* What is needed
Once the line holding "大好評中!ネイビー 2点セット カラードレス 編み上げ チュールドレス /結婚式披露" is found in the entries below, transcribe exactly every line up to and including the one holding "Known as the", but leave out the pictures.

* Data
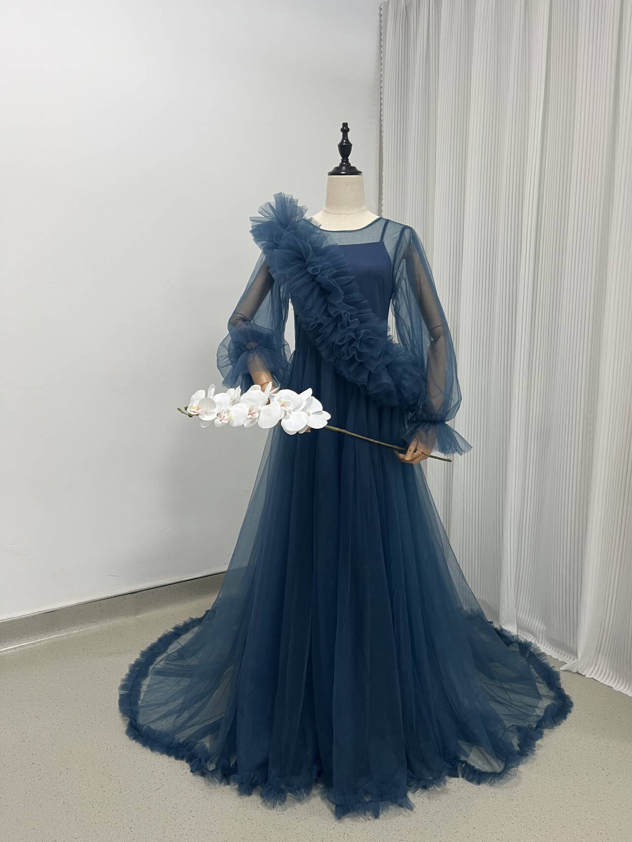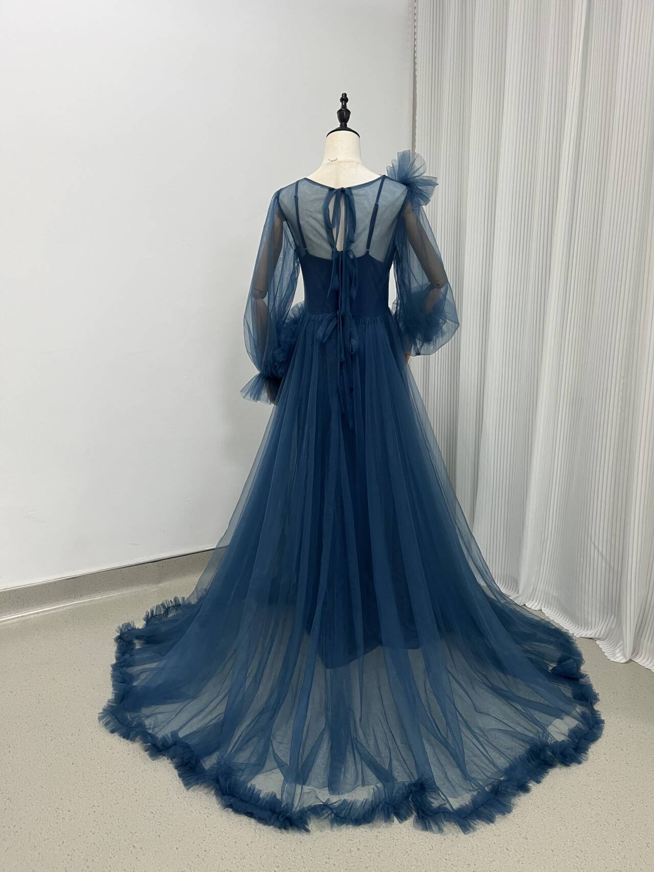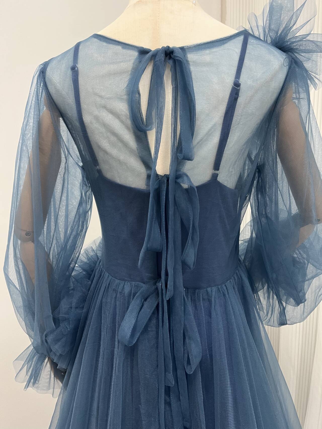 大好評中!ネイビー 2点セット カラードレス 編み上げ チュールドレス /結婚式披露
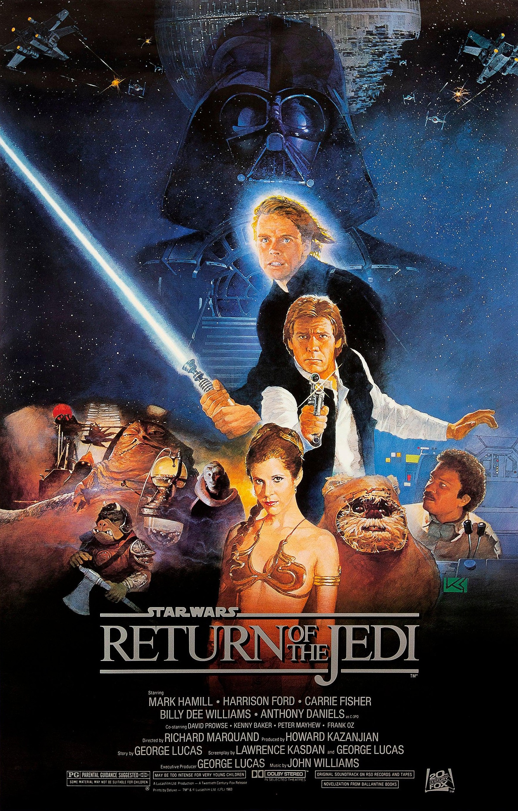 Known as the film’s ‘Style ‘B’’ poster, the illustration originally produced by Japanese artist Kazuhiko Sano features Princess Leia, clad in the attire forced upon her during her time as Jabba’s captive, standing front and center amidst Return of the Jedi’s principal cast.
...
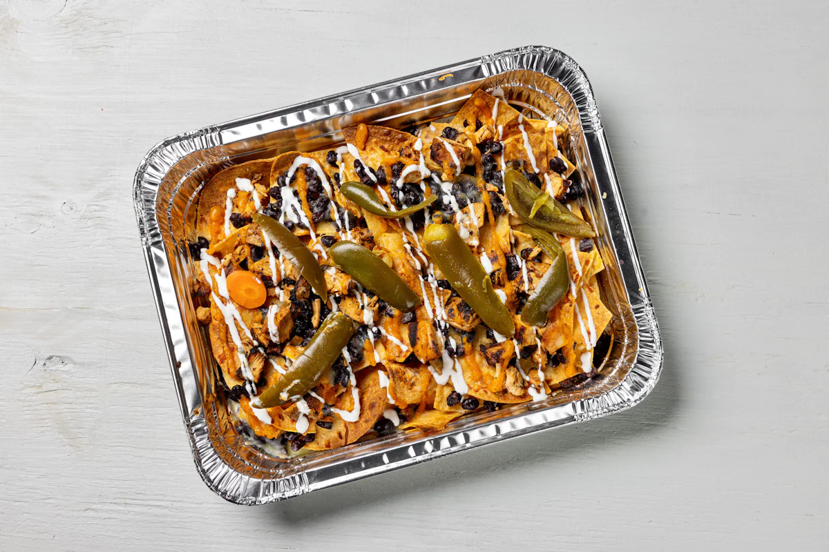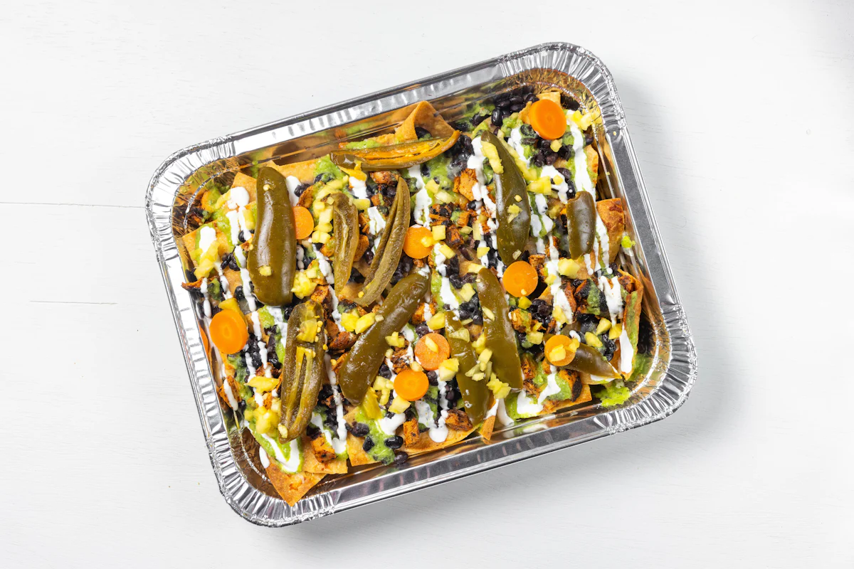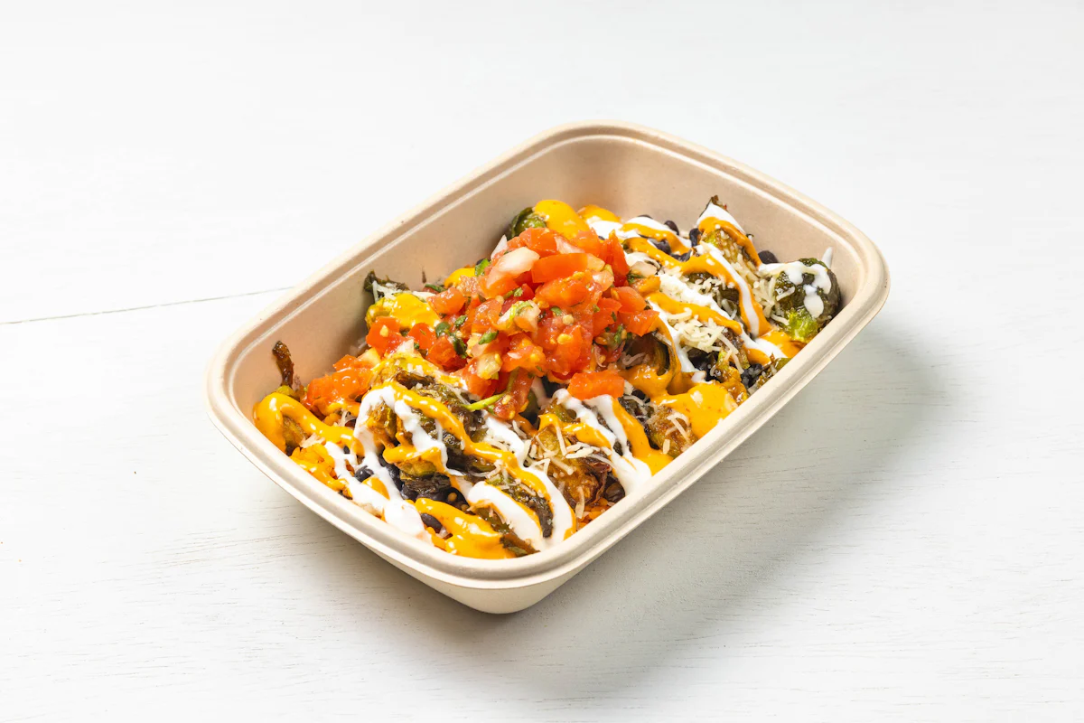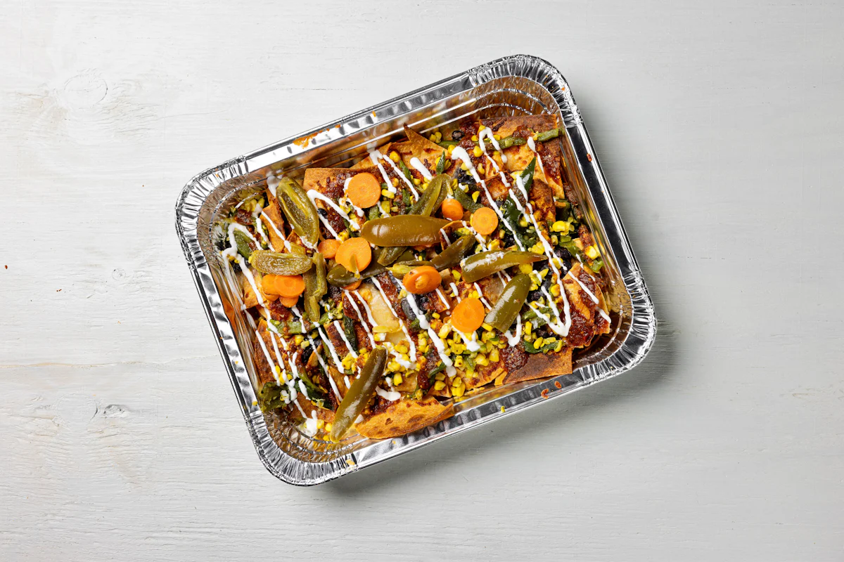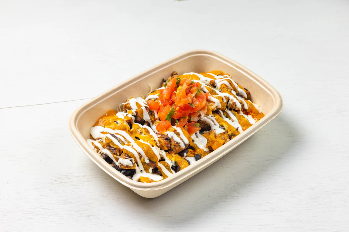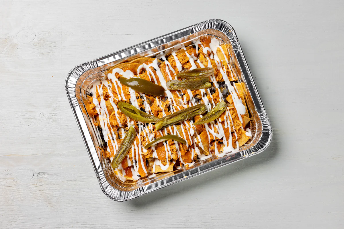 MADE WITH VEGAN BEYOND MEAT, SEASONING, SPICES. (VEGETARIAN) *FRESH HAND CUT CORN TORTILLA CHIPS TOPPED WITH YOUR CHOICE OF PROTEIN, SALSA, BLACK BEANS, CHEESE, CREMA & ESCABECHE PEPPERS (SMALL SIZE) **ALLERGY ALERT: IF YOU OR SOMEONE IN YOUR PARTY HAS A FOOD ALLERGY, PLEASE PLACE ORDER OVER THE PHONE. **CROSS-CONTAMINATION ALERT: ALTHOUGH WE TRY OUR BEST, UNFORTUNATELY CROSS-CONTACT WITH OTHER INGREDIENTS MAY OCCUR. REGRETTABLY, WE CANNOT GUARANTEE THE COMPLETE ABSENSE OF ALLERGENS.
==
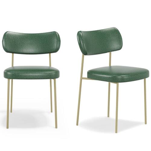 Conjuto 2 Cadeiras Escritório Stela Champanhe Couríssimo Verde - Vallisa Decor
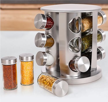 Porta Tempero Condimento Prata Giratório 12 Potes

* Expected answer
 大好評中!ネイビー 2点セット カラードレス 編み上げ チュールドレス /結婚式披露
 Known as the film’s ‘Style ‘B’’ poster, the illustration originally produced by Japanese artist Kazuhiko Sano features Princess Leia, clad in the attire forced upon her during her time as Jabba’s captive, standing front and center amidst Return of the Jedi’s principal cast.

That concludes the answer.